Abu Dhabi plans tender for $2bn power plant
Abu Dhabi plans to invite firms in March to submit proposals to build a 1,600 megawatt power plant worth about $2 billion (Dh7.34bn), a government official said yesterday, as the emirate looks to meet tripling demand by 2020.
Water and electricity demand in Abu Dhabi is expected to rise seven to eight per cent a year over the next five years. Demand is growing quickly as the world's third-largest oil exporter builds infrastructure and industry to diversify away from dependence on petrodollars.
"We have started the process of prequalification and we are targeting sending the request for proposals early next month," said Abdulla Saif Al Nuaimi, director of privatisation at the Abu Dhabi Water and Electricity Authority (Adwea).

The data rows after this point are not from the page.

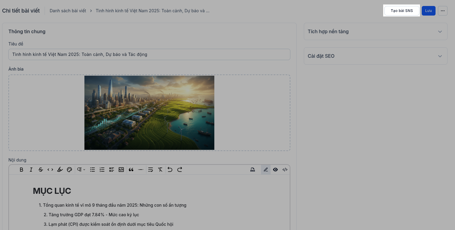 - Tiêu đề (1): Trường nhập tiêu đề bài SNS.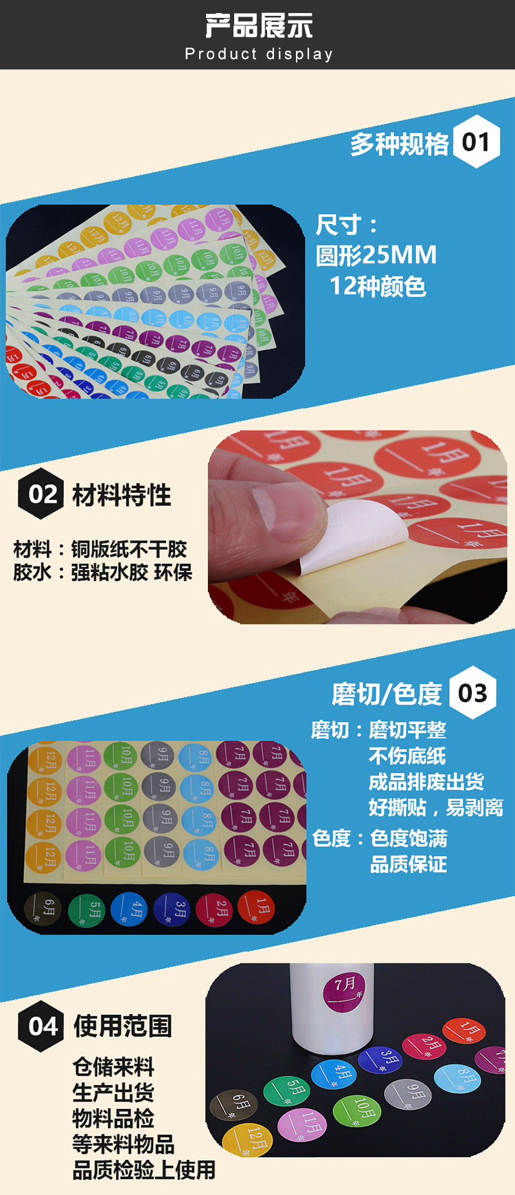 海斯迪克 月份标签贴纸 HKLY-100 不干胶 2月 1000贴 1包
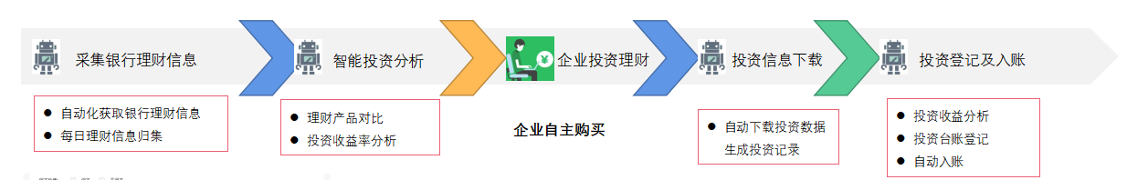 浙江保融科技股份有限公司以往企业的投资台账由财务部门手工生成。首先登录多个银行系统,手工查询每银行理财产品数据;最后,将查询到的数据汇总处理后,进行理财产品对比和投资收益率分析。长时间重复、繁琐的工作,一方面消耗大量的人力资源,另一方面手工处理的工作效率不高。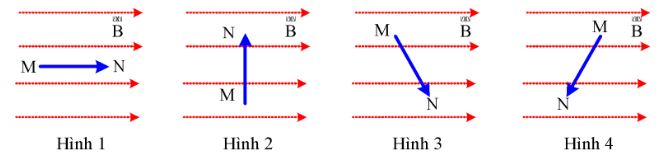Câu 2: Trong hình vẽ đoạn dòng điện MN đặt trong mặt phẳng chứa các đường sức từ của một từ trường đều ở các vị trí khác nhau. Độ lớn lực từ tác dụng lên đoạn dòng điện MN trong hình số mấy là bé nhất?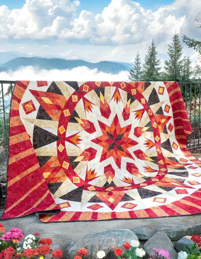 “Although the “Southwest Starburst” has an intricate design, the piecing techniques can be mastered quickly! Throughout the project, piecing is done using an oversized technique that is then trimmed to be the perfect size. This makes for very successful construction. Half square triangles will be mastered with the help of the Bloc Loc rulers. Quilters will have the option of doing the Queen size or two other sizes.”
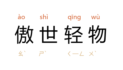 傲世:傲视当世;轻:轻视;物:他人或环境。鄙弃世俗,看不起别人。指孤高自傲,处世不与一般流俗苟同。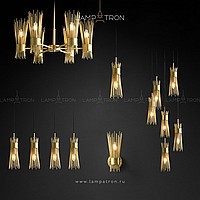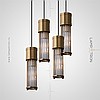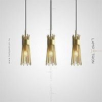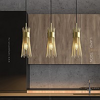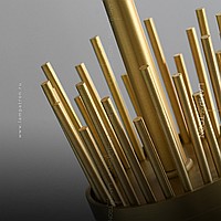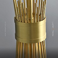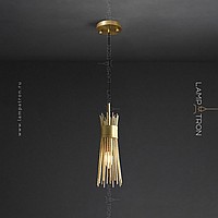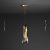 Designer suspended lamp with a brass lampshade in the form of a bundle of metal rods
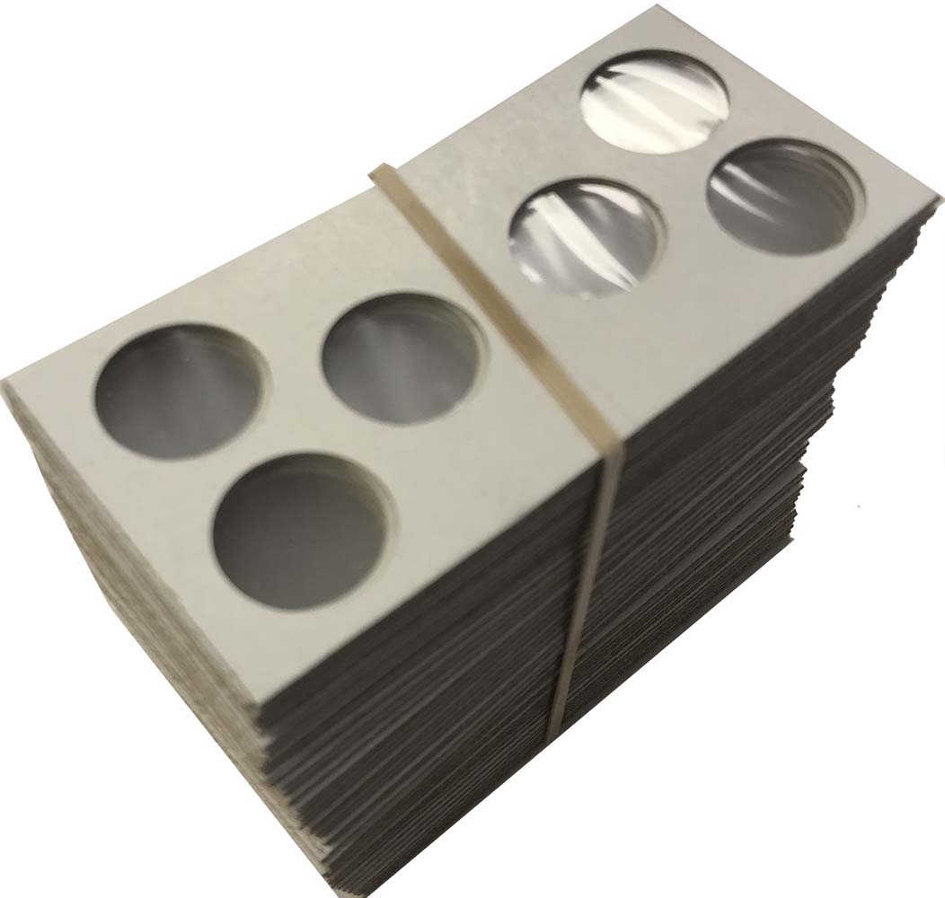 These standard 2x2 sized flips have three holes sized to fit cents or dimes and are ideal for PDS sets or other similar three-piece sets of coins. Just insert the coins, fold over and staple. Sold in bundles of 100.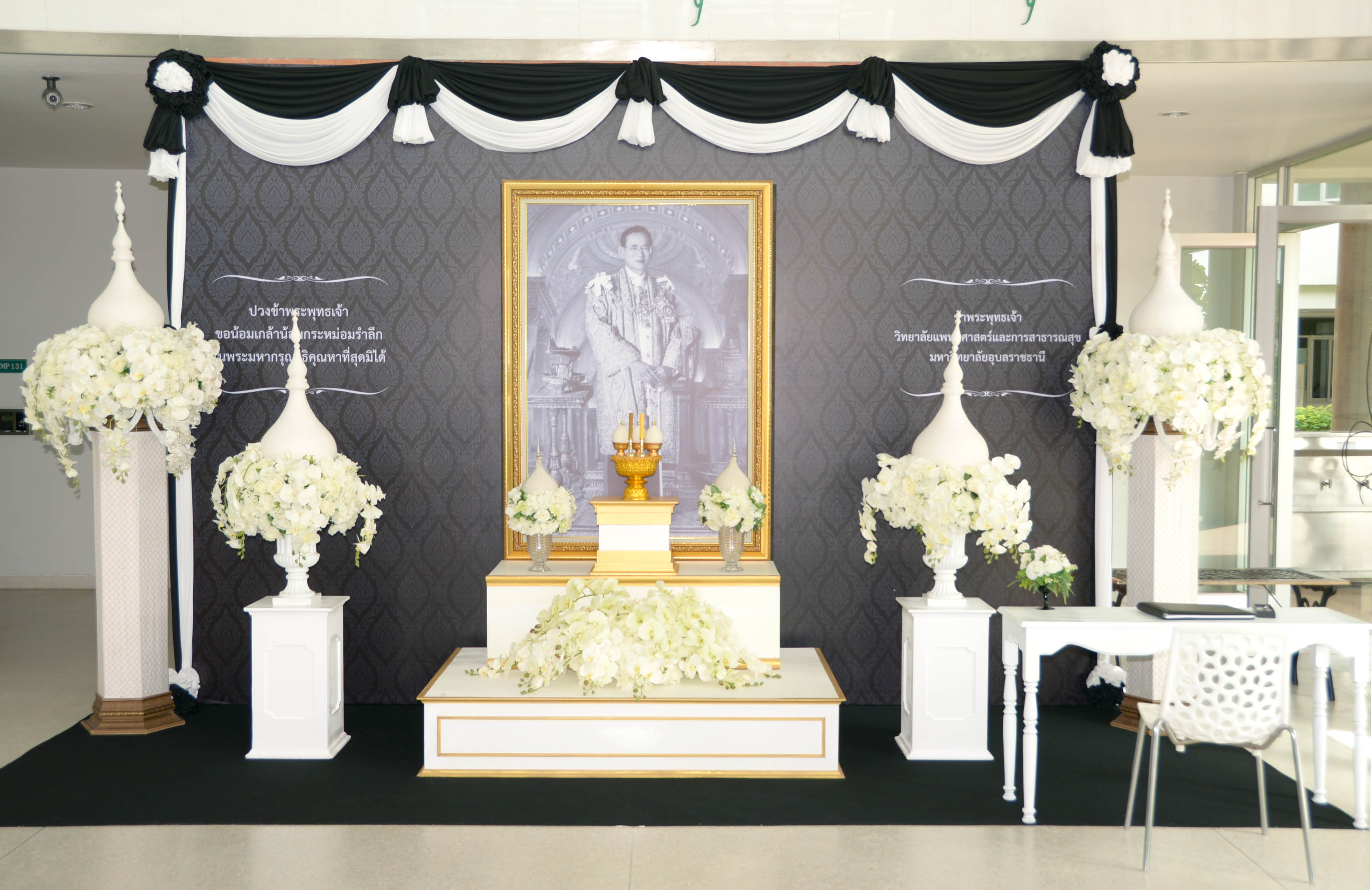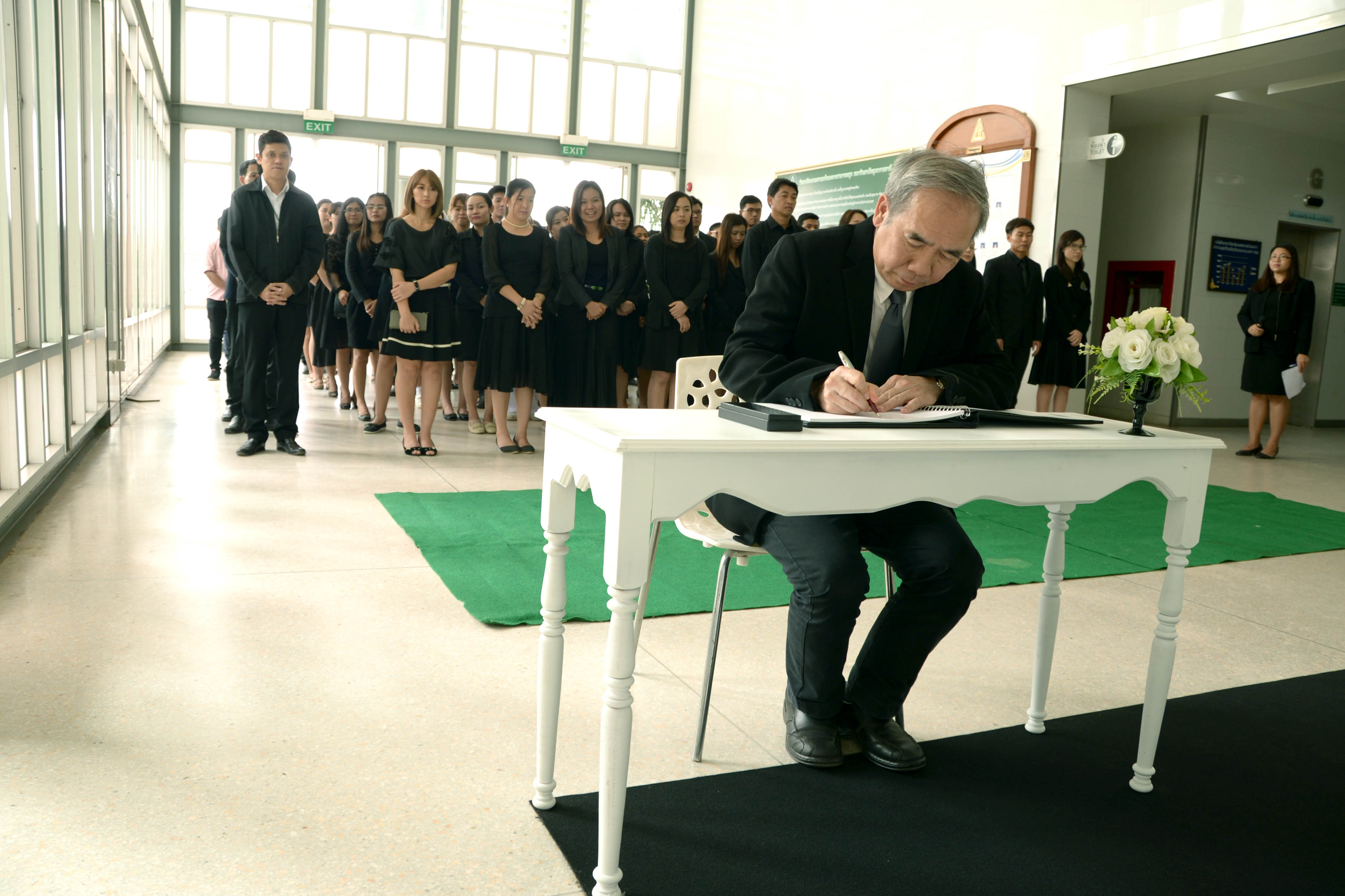พิธีน้อมเกล้าน้อมกระหม่อมรำลึกในพระมหากรุณาธิคุณและลงนามถวายความอาลัยพระบาทสมเด็จพระปรมินทรมหาภูมิพลอดุลยเดช ณ ห้องโถงชั้น 1 อาคารวิทยาลัยแพทยศาสตร์และการสาธารณสุข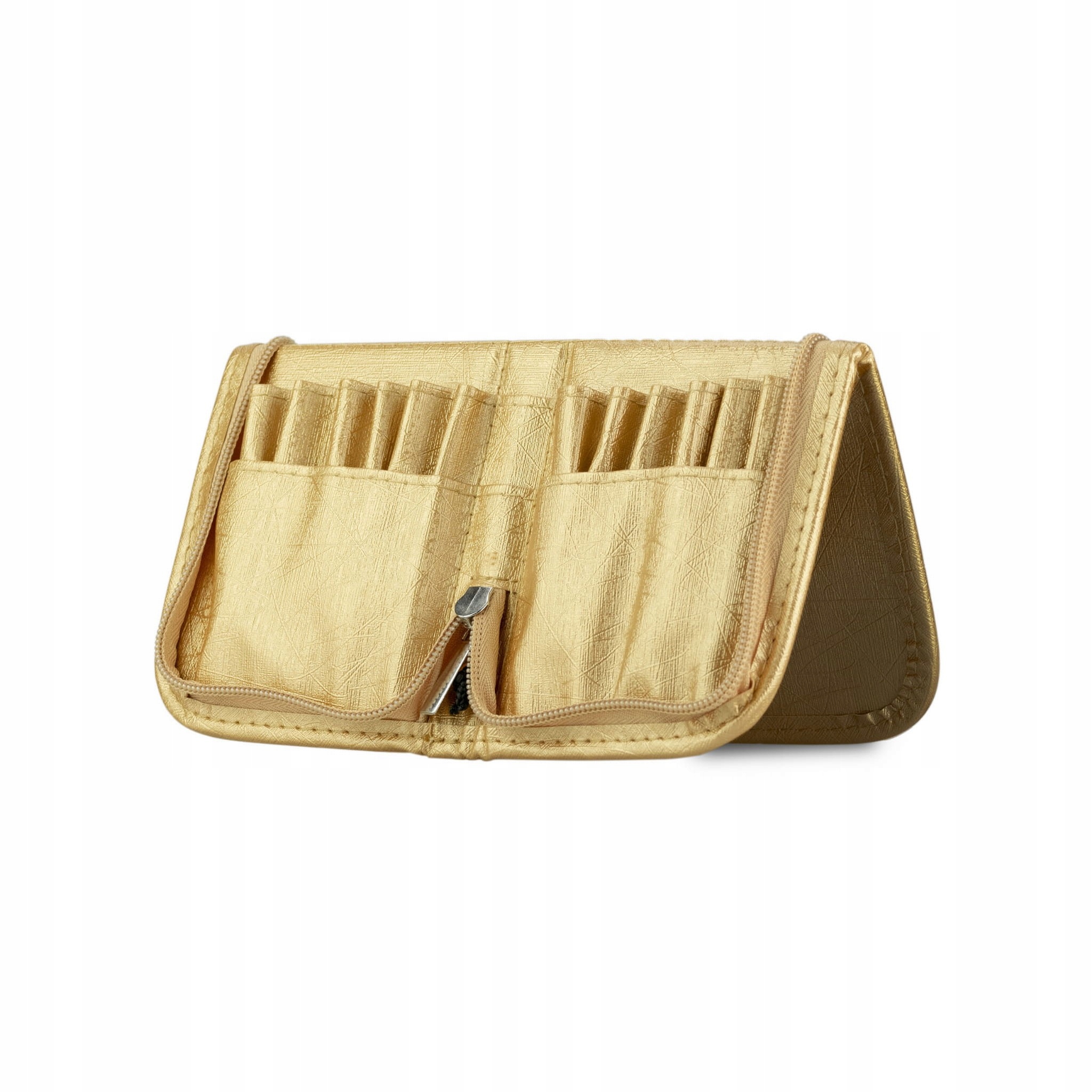 Дбайливо виготовлений косметичний пенал, який полегшує зберігання пензлів. Завдяки можливості складання та розміщення на столі, як підставки, укладати нігті буде легше та зручніше. Особливо це стане в нагоді при виготовленні прикрас, для яких найчастіше використовується не один пензлик. Ви зможете прибрати ту, з якою зараз не працюєте, не боячись, що вона впаде чи забрудниться.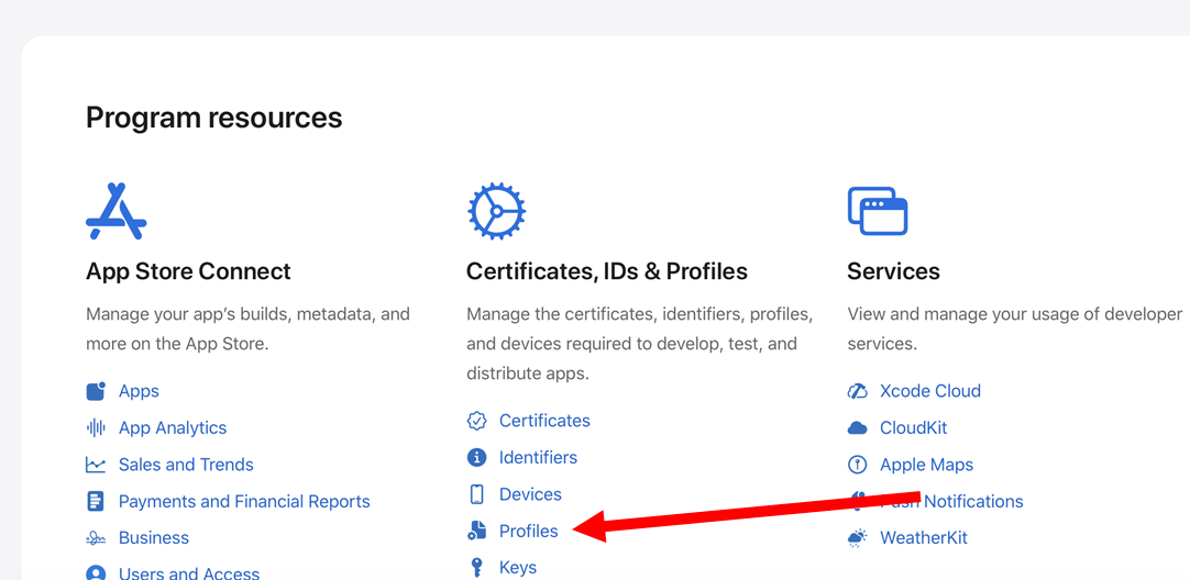 1)애플 개발자(Apple Developer) 사이트에서 계정 로그인하고 Account 페이지에서 인증서, ID 및 프로파일(Certificates, IDs & Profiles)의 프로파일(Profiles)를 선택합니다.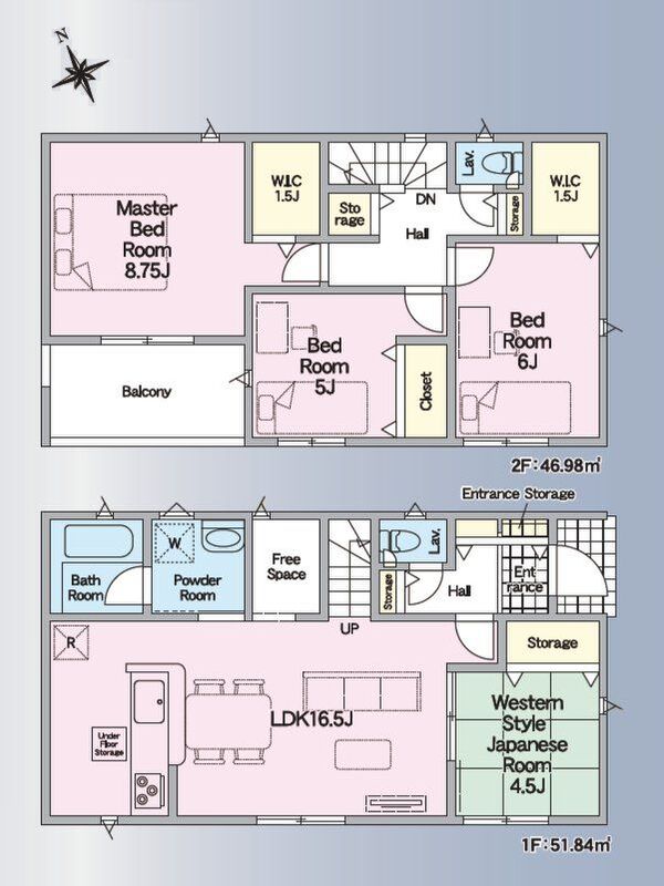 | 建物面積 | 98.01m2・98.82m2 | 土地面積 | 163.77m2~172.04m2 |
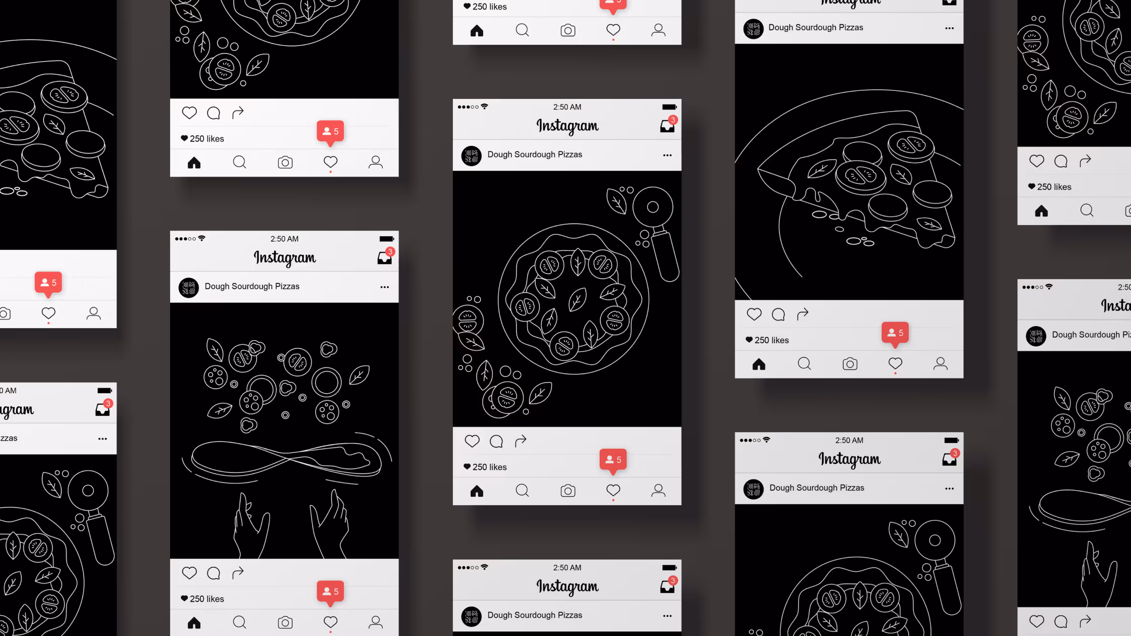 A strong emphasis was placed on Dough’s digital presence as well. The social media strategy extended the brand’s illustration style into playful, outlined pizza visuals used as Instagram teasers. These graphics created intrigue and consistency across the feed, reinforcing brand recall while leaving space for the bold photography of products to shine. The combination of minimal design and lively content allowed Dough to feel premium yet approachable, resonating with its target audience of teens and young adults in Lahore, while appealing more broadly through its chic and timeless visuals.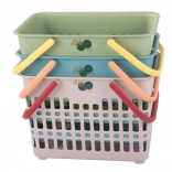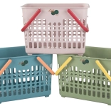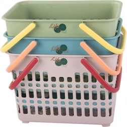 Praktische mand met stevige constructie en inklapbare handgrepen, perfect voor kleine boodschappen, het dragen van etenswaren, uitstapjes en het opbergen van kleinigheden in huis. De open roosterstructuur zorgt voor luchtcirculatie en snel zicht op de inhoud, terwijl het robuuste plastic een lange levensduur garandeert.

"We expect to finalise selection of the developer by November this year, [make the] financial close by April 2011 and commissioning in summer 2013," he said.
The Shuweihat 3 independent power project (IPP) will be the emirate's ninth power project under a privatisation plan launched in 1998, under which international developers take a stake in the project.
Under the IPP model, foreign investors operate the plant. The UAE has embarked upon a nuclear programme to try to meet spiralling electricity demand. In December, it awarded a deal worth up to $40bn, one of the largest ever awarded in the Middle East, to a South Korean consortium to build and operate four nuclear reactors in the Gulf country.
Abu Dhabi holds most of the UAE's crude reserves and oil revenues have helped it avoid the worst of the global economic slowdown, as well as the debt crisis that has hit neighbouring emirate Dubai.
Shuweihat 3 will be Abu Dhabi's first IPP.
The previous eight projects are all independent water and power projects (IWPPs). Adwea decided not to include water desalination at Shuweihat 3 to save on investment in water pipelines and for technological reasons, Nuaimi said.
The selected international developer would take a 40 per cent stake in the plant, with Adwea taking the remaining 60 per cent, he said. Financing would be a combination of debt and equity.
Companies such as General Electric, Mitsubishi, Suez Tractebel, Hyundai Heavy Industries and International Power have shown interest in power contracts.